Sexual Health

SIROW offers multiple versions of our research-informed sexual and relationship health curriculum-based, multicomponent intervention tailored to different specific populations.

Our researchers have partnered with numerous community-supportive entities to provide this tailored intervention to numerous populations who historically have been underserved or are at increased risk for HIV, sexually-transmitted infections (STIs), viral hepatitis, and dating/relationship abuse. These populations include, for example, youth, women, individuals who identify as LGBTQ+, and people who have substance use issues.

Current Projects

 

BWell  Team

Bridges to Wellness is an infrastructure and capacity-building project to deliver and sustain prevention services to reduce the onset of substance abuse (SA), HIV, and Viral Hepatitis (VH) among system-involved minority youth ages 13-17 in Tucson and Sells, Arizona.
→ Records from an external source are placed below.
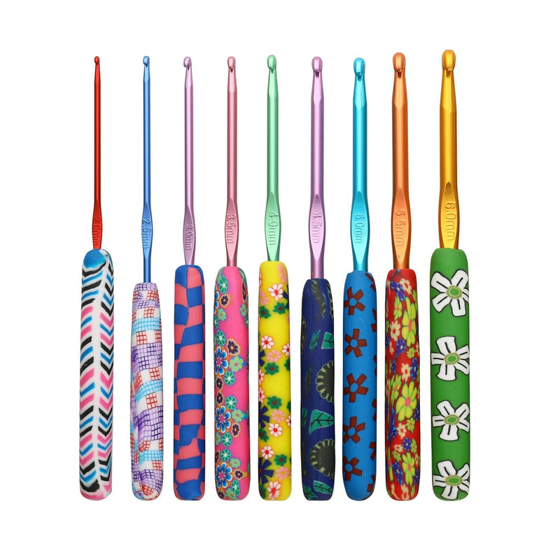 Universal Crafts Crochet Hook Set - Mixed Floral 9pk. These crochet hooks are comfortable and easy to grip while working on all crochet projects. Every hook is marked with numbers and Letter, so you’ll never be confused. Crochet Hooks Size: 2.0mm, 2.5mm, 3.0mm, 3.5mm, 4.0mm, 4.5mm, 5.0mm, 5.5mm, 6.0mm. Package Includes: Nine Crochet Hooks.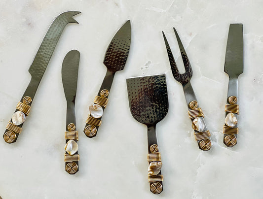 Mother Of Pearl and Steel Cheese Tools (Set of 6)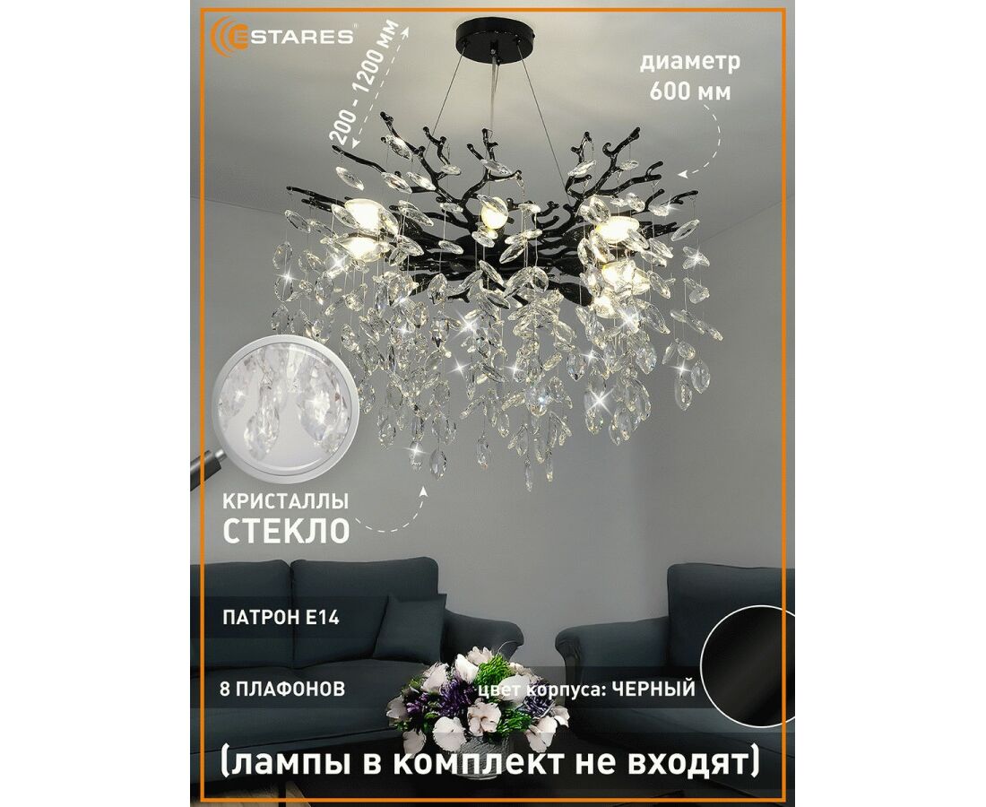 Estares св-к-люстра ROXANA 55 E14x8 600x1200 черн./кристаллы БЕЗ пульта IP20 @

B-Well is a collaboration between SIROW, Intermountain Centers for Human Development, the Pima County Health Department, and the Pima County Community Prevention Coalition. Four project goals include:

  1. completion of a needs assessment and strategic plan;
  2. mobilization and capacity building to address identified prevention needs;
  3. implementation of prevention strategies and programs; and
  4. evaluation of program processes and outcomes to assess performance and project impact on behavioral health disparities.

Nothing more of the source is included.